The eye irritation potential of cis-Jasmone was evaluated in rabbits (Roche, 1971; no guideline stated; no GLP). A single application of the test substance was made to the rabbit eyes at concentrations of 100%, 30%, 10%, 3% and 1% (in Neantine as solvent). Signs of irritation were recorded daily for 7 days after application. In addition, concentrations of 10%, 3% and 1% were applied daily for 7 days and signs of irritation recorded daily for 7 days after the last application. A single application of 3, 10 or 30% test substance caused slight redness (erythema) which resolved by Day 2. No irritant reactions were observed following treatment with 1%. A single application of 100% test substance caused strong redness (erythema), secretion and oedema; symptoms reduced over the following days and eyes were free from irritation by Day 6. Repeated application with 1% test substance caused no adverse effects.
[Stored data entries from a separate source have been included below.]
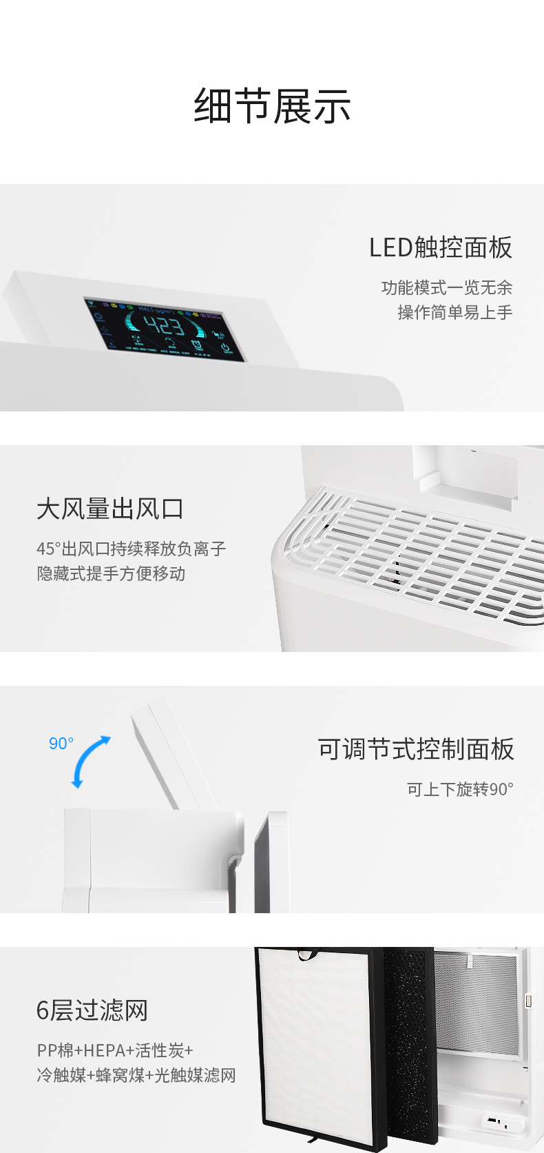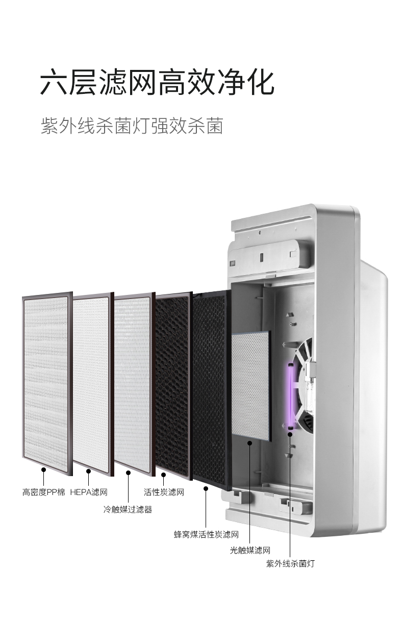 六層復合濾網:有效攔截超細微顆粒,層層捕捉,讓污染無處遁形,過濾效率高達99.99%,輕松搞定日常生活中的懸浮顆粒物、氣態污染物和細菌等。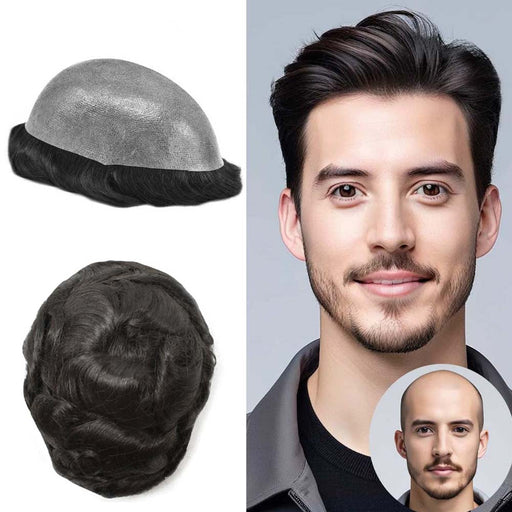 LYRICAL HAIR Mens Toupee 0.06mm Ultra Thin Skin Hair Replacement System for Men V-Looped Knots Mens Hairpieces Natural Hairline Toupee for Men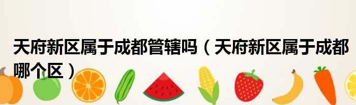 天府新区属于成都管辖吗(天府新区属于成都哪个区)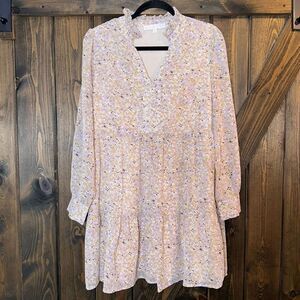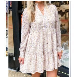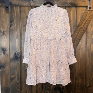 Karlie Floral Tiered Mini Dress Coquette Feminine Sz S Purple/Tan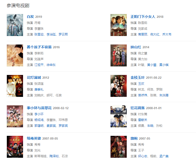 擔(dān)任監(jiān)制、制片人,策劃、制作并出品經(jīng)典電視劇《情迷海上花》、《生命因你而美麗》、《花燈滿城》等。此外出演話劇《志摩歸去》中的陸小曼,話劇《一代名優(yōu)》。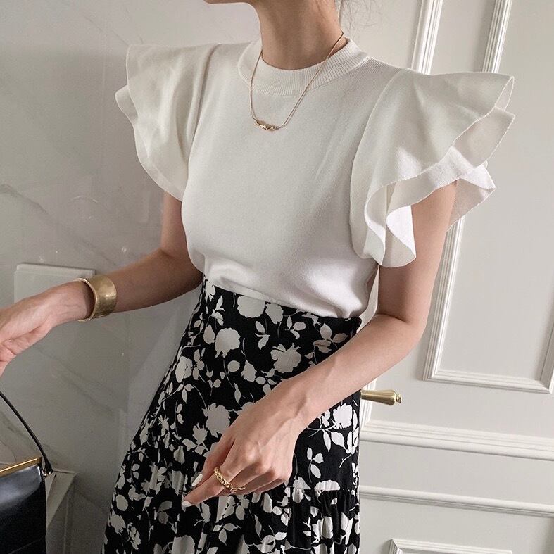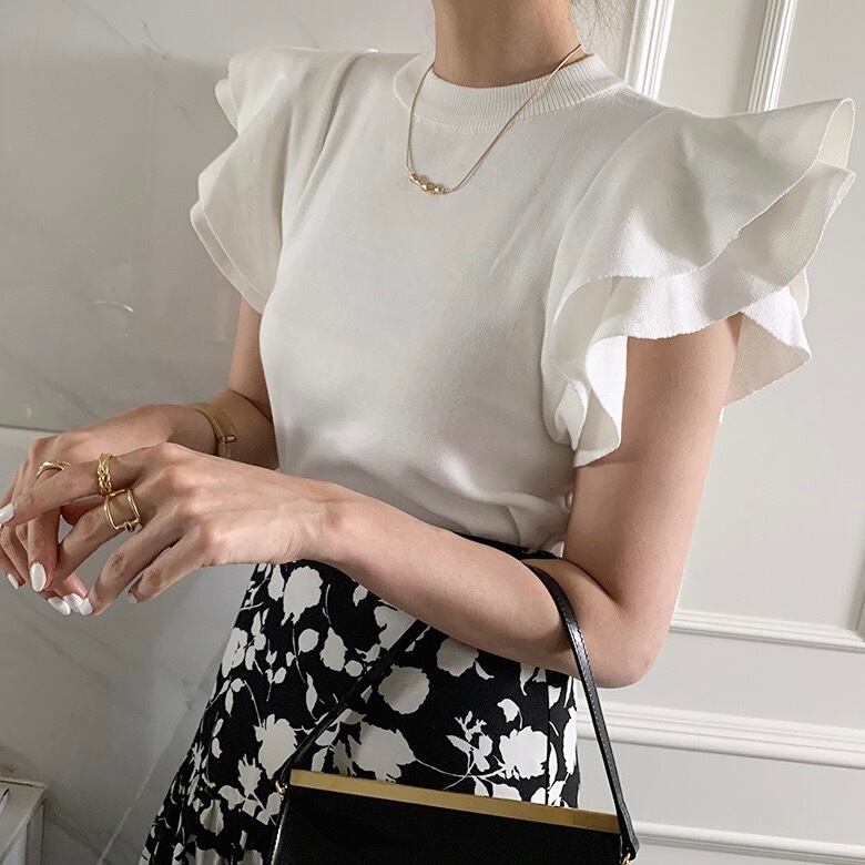 シャツ フリルシャツ レディース トップス 半袖 スクープネック フリル プルオーバー スリム きれいめ 上品 お洒落 デート お出かけ お呼ばれ イベント 女子会 夏 ホワイト 白 ブラック 黒 ワンサイズ 20代 30代 大人 コーデ コーディネート 韓国 ファッション オルチャン お取り寄せ 送料無料 hll-0384
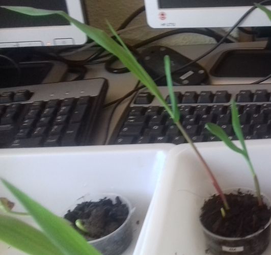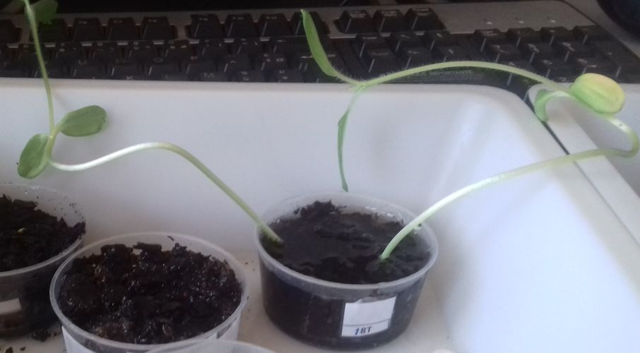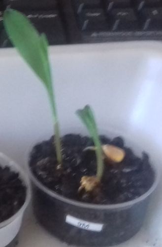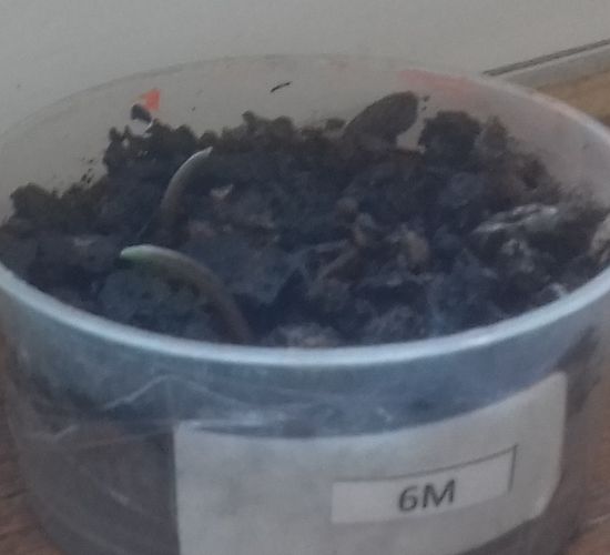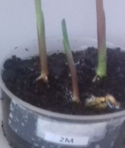- Le N° 2 M : deux graines continuent de germer et une commence à germer dans 40 ml de terre et 10 ml de terreau.
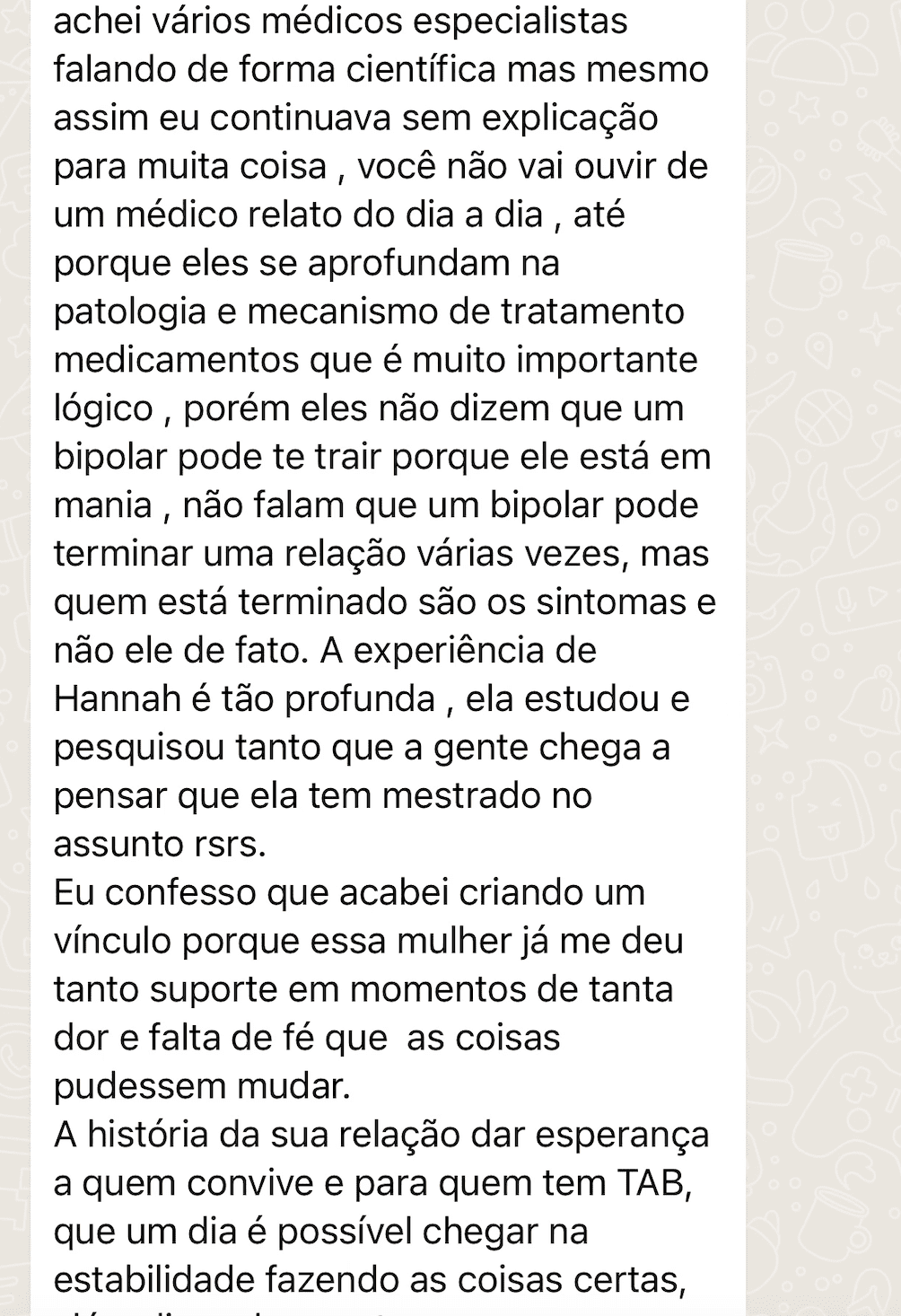 Advogada e criadora do Método Amor e Transtorno, Hannah transformou sua própria história e hoje ajuda mulheres a saírem do caos emocional, recuperarem sua autoestima e aprenderem a lidar com a bipolaridade no relacionamento sem se perder no processo.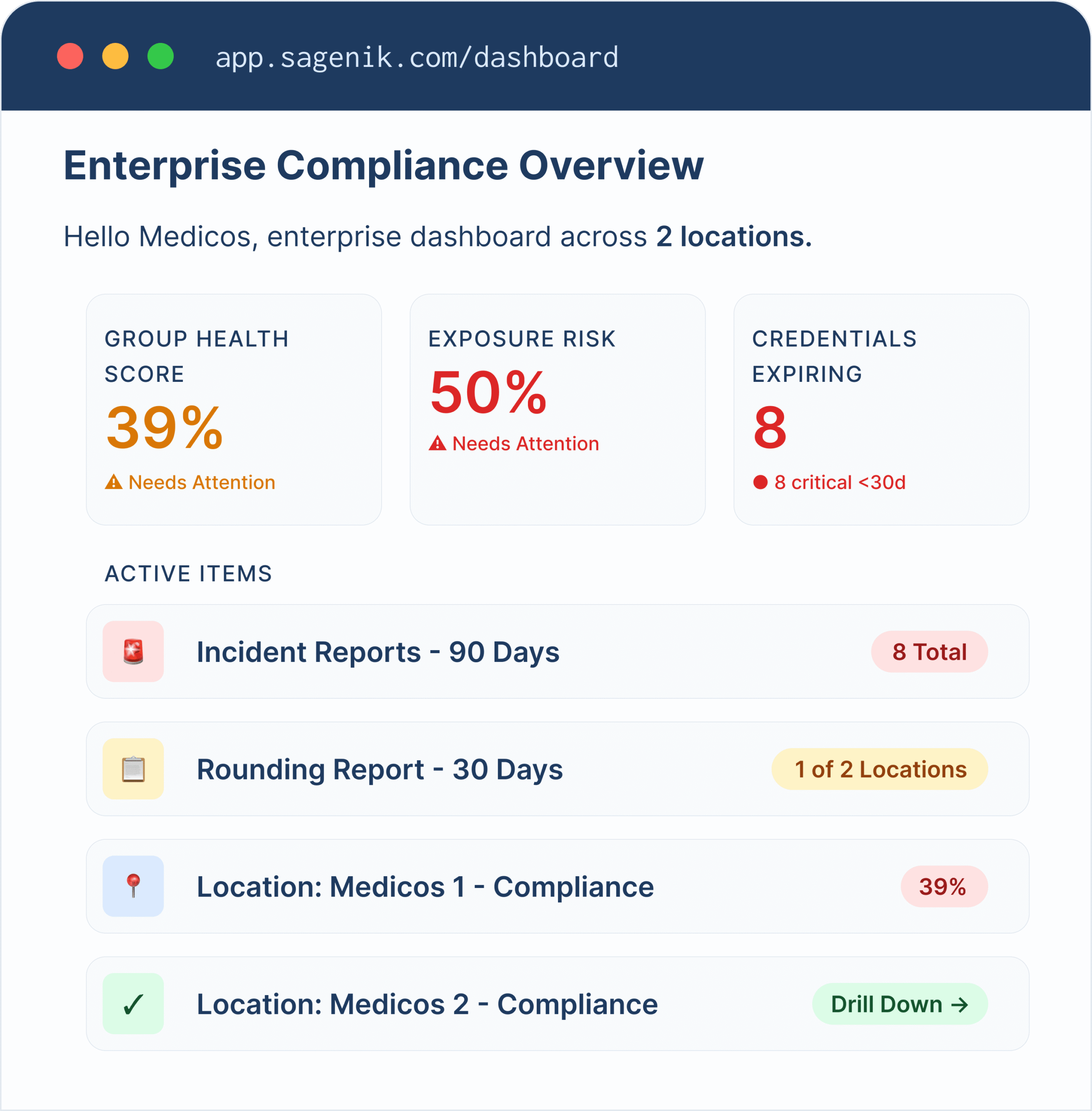 Most healthcare groups may have binders, training logs, and good intentions. What almost none of them have is proof — that a specific person, at a specific location, on a specific date, completed a specific obligation. Sagenik closes that gap. Every task assigned by name. Every completion logged with evidence. Every record exportable on demand.

Slight redness (erythema) was observed following 7 days repeat application with 3% and 10% test substance; effects persisted to study termination (7 days after the last application). The vehicle (Neantine) was reported to have a highest non-irritant concentration of 10% following single application, and 100% following repeat application. It was concluded that the highest non-irritating concentration of the test substance was 1%, and the lowest irritant concentration was 3%. Overall, the test substance was considered to be irritating to eyes.

Conclusion

In all available studies investigating the irritation potential of cis-Jasmone, skin and eye effects have not been scored according to a recognised scheme, e.g. the Draize scoring scheme, but only qualitative descriptions of skin and eye reactions are given. However, the qualitative descriptions are comparable to the parameters of current test guidelines and accepted classification criteria. The validity of the data is also underlined by the fact that all results are consistent, clearly reflecting an irritation potential for skin and eyes. Although individual study reports might not meet acceptance criteria, all studies taken together in a Weight-of-Evidence approach, result in a unanimous characterisation of the irritation properties of cis-Jasmone. Therefore, the data provided is deemed sufficient to establish a reliable classification with regard to skin irritation / corrosion and eye irritation.

Justification for classification or non-classification

The available data on skin and eye irritation are suitable to derive a classification and labelling. The available data meet the criteria for classification for Skin irrit. 2, H315, and Eye irrit. 2, H319, according to Regulation (EC) No. 1272/2008 (CLP) and are therefore conclusive but not sufficient for classification.